I give you YA fantasy in it’s most basic, unoriginal form I have ever read. On the bright side the writing was not terrible. It flowed easily enough and had a steady pace (though it felt slow at times). To describe this book id probably use words like: predictable… predictable… where-is-the-world-building… and PREDICTABLE. I’ve finished this book and still do not know much about the world or magic system. I still don’t know why there’s a war brewing. Not to mention the utter flatness of the characters and unnecessarily angsty romance between them. Britta was super annoying and boring. She’s also one of the slowest antagonists I’ve ever encountered. Cohen was basically treated like a piece of meat, so muscular and so sniff-worthy. Even the ending couldn’t hook me really. I think I may read the second book simply to meet this new character that was introduced, then possibly end up DNF’ing this series if it doesn’t improve.

Plot: WARNING! If you liked this book, I sincerely apologize, but this was most definitely not my cup of tea.

Let’s talk about world building! Wait… What world building? Here’s what we know: there are two kingdoms, Malam and Shardania and they want to go to war with each other.

Here’s what we don’t know:

  • How these two kingdoms operate? What’s the government like?

  • How did these kingdoms come to be at odds?

  • What is the reason for this war specifically other than a disagreement on magic?

  • Oh there’s magic? How does this magic system work?

  • Who even are these rulers?

  • BASICALLY EVERYTHING ELSE.

And then there are a mass of characters that I had no feelings towards. No connection. Britta is undeniably boring. She may possibly be the slowest character I’ve ever met. Facts are literally thrown at her face, and she still can’t figure things out whether it’s regarding her abilities or her love interest. To top that off Cohen could possibly be the most flat love interest I’ve ever met. But at least he’s muscular and smells good ALL. THE. TIME. Add in some unnecessary angst, very over the top angst. These two would have been better off solving their relationship issues from the beginning rather than figuring it out so late in the end. That way they didn’t have to spend so much of the book focus on trying to figure out their relationship. I think the story would have been a lot less about the romance and more about the fantasy that way. I was actually confused if this was mistakenly supposed to be a romance with fantasy woven in versus a fantasy with romance woven in.

Then there’s the special snowflake syndrome. You thought the cheesy tropes were going to end? You thought wrong. I mean you know from the beginning that Britta definitely is going to have some sort of magical power. It’s just too obvious not to notice. Then she takes freakin’ forever to realize what she is despite the ridiculously obvious hints.

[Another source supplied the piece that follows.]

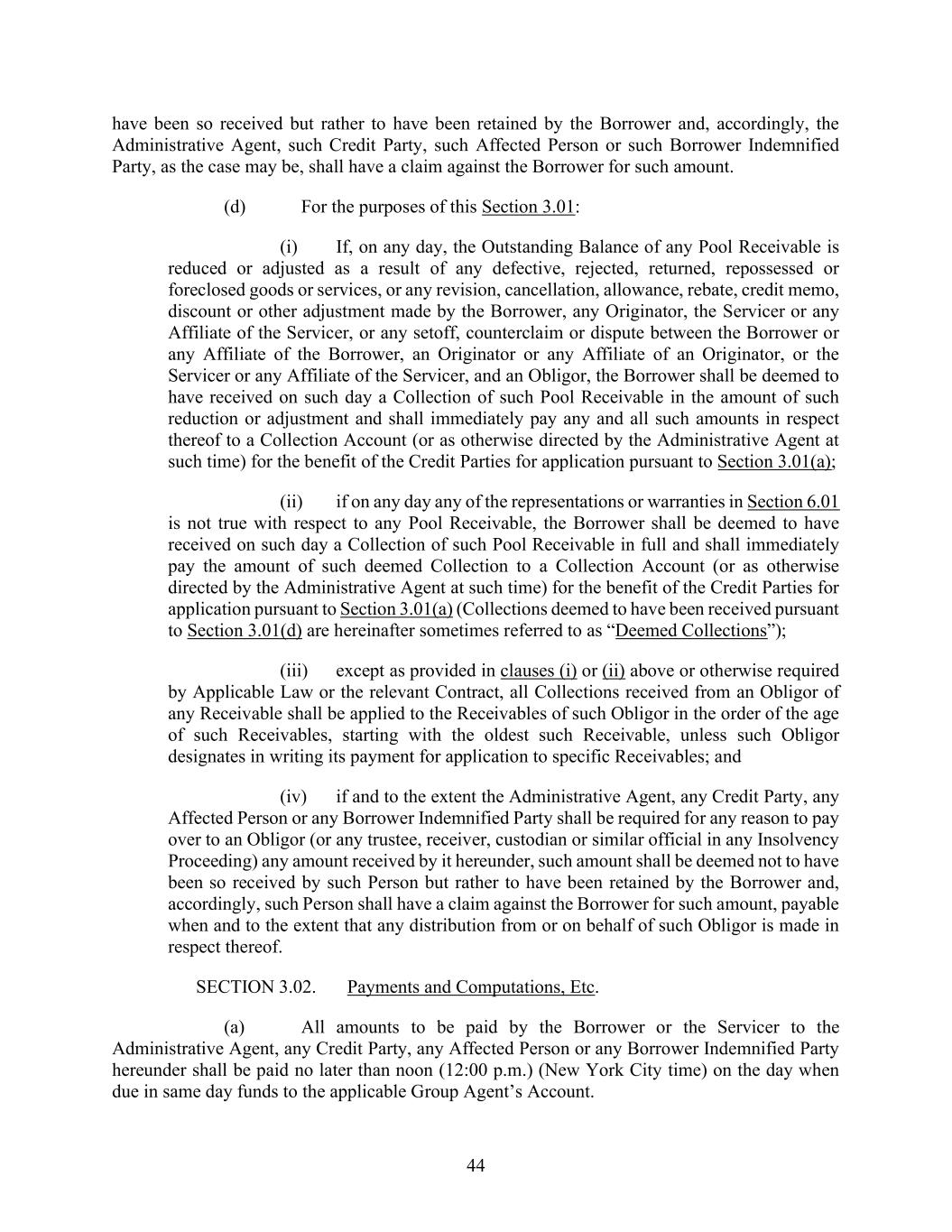 44 have been so received but rather to have been retained by the Borrower and, accordingly, the Administrative Agent, such Credit Party, such Affected Person or such Borrower Indemnified Party, as the case may be, shall have a claim against the Borrower for such amount. (d) For the purposes of this Section 3.01: (i) If, on any day, the Outstanding Balance of any Pool Receivable is reduced or adjusted as a result of any defective, rejected, returned, repossessed or foreclosed goods or services, or any revision, cancellation, allowance, rebate, credit memo, discount or other adjustment made by the Borrower, any Originator, the Servicer or any Affiliate of the Servicer, or any setoff, counterclaim or dispute between the Borrower or any Affiliate of the Borrower, an Originator or any Affiliate of an Originator, or the Servicer or any Affiliate of the Servicer, and an Obligor, the Borrower shall be deemed to have received on such day a Collection of such Pool Receivable in the amount of such reduction or adjustment and shall immediately pay any and all such amounts in respect thereof to a Collection Account (or as otherwise directed by the Administrative Agent at such time) for the benefit of the Credit Parties for application pursuant to Section 3.01(a); (ii) if on any day any of the representations or warranties in Section 6.01 is not true with respect to any Pool Receivable, the Borrower shall be deemed to have received on such day a Collection of such Pool Receivable in full and shall immediately pay the amount of such deemed Collection to a Collection Account (or as otherwise directed by the Administrative Agent at such time) for the benefit of the Credit Parties for application pursuant to Section 3.01(a) (Collections deemed to have been received pursuant to Section 3.01(d) are hereinafter sometimes referred to as “Deemed Collections”); (iii) except as provided in clauses (i) or (ii) above or otherwise required by Applicable Law or the relevant Contract, all Collections received from an Obligor of any Receivable shall be applied to the Receivables of such Obligor in the order of the age of such Receivables, starting with the oldest such Receivable, unless such Obligor designates in writing its payment for application to specific Receivables; and (iv) if and to the extent the Administrative Agent, any Credit Party, any Affected Person or any Borrower Indemnified Party shall be required for any reason to pay over to an Obligor (or any trustee, receiver, custodian or similar official in any Insolvency Proceeding) any amount received by it hereunder, such amount shall be deemed not to have been so received by such Person but rather to have been retained by the Borrower and, accordingly, such Person shall have a claim against the Borrower for such amount, payable when and to the extent that any distribution from or on behalf of such Obligor is made in respect thereof. SECTION 3.02. Payments and Computations, Etc. (a) All amounts to be paid by the Borrower or the Servicer to the Administrative Agent, any Credit Party, any Affected Person or any Borrower Indemnified Party hereunder shall be paid no later than noon (12:00 p.m.) (New York City time) on the day when due in same day funds to the applicable Group Agent’s Account.

PREDICTABLE. PREDICTABLE. PREDICTABLE. I cannot emphasize how utterly predictable this book is. I think there were only two moments that I didn’t suspect to happen. One was because I honestly wasn’t looking for it because it had to do with the whole romance and why he left and such. The other was the ending because the magic system is highly unexplored so if I don’t understand the magic then I honestly can’t predict some of its consequences.

I was mostly unimpressed the entire book. I could not find a single aspect of this book that jumped out to me as original or unique. The only thing that makes me want to keep reading this series was the introduction of a new character at the end of the story that I’m just too curious about.

Characters:

I mean do I even need to go into the main characters. There's barely anything to say that I haven't already ranted about.

I liked Leaf. He seemed to be an interesting side character. I wonder if he was supposed to be another love interest. I wonder if the “new character” at the end is supposed to be another love interest too. Either might be better than Cohen.

Thomas pissed me off immensely.

Inette I also liked for her personality.

I have so many unanswered questions about the other characters still.

Overall:

Would you want to continue if you didn't like this series? If there anything that has caught your eye in this initial novel? I just want to get to know this "new character." This new person she is connected to.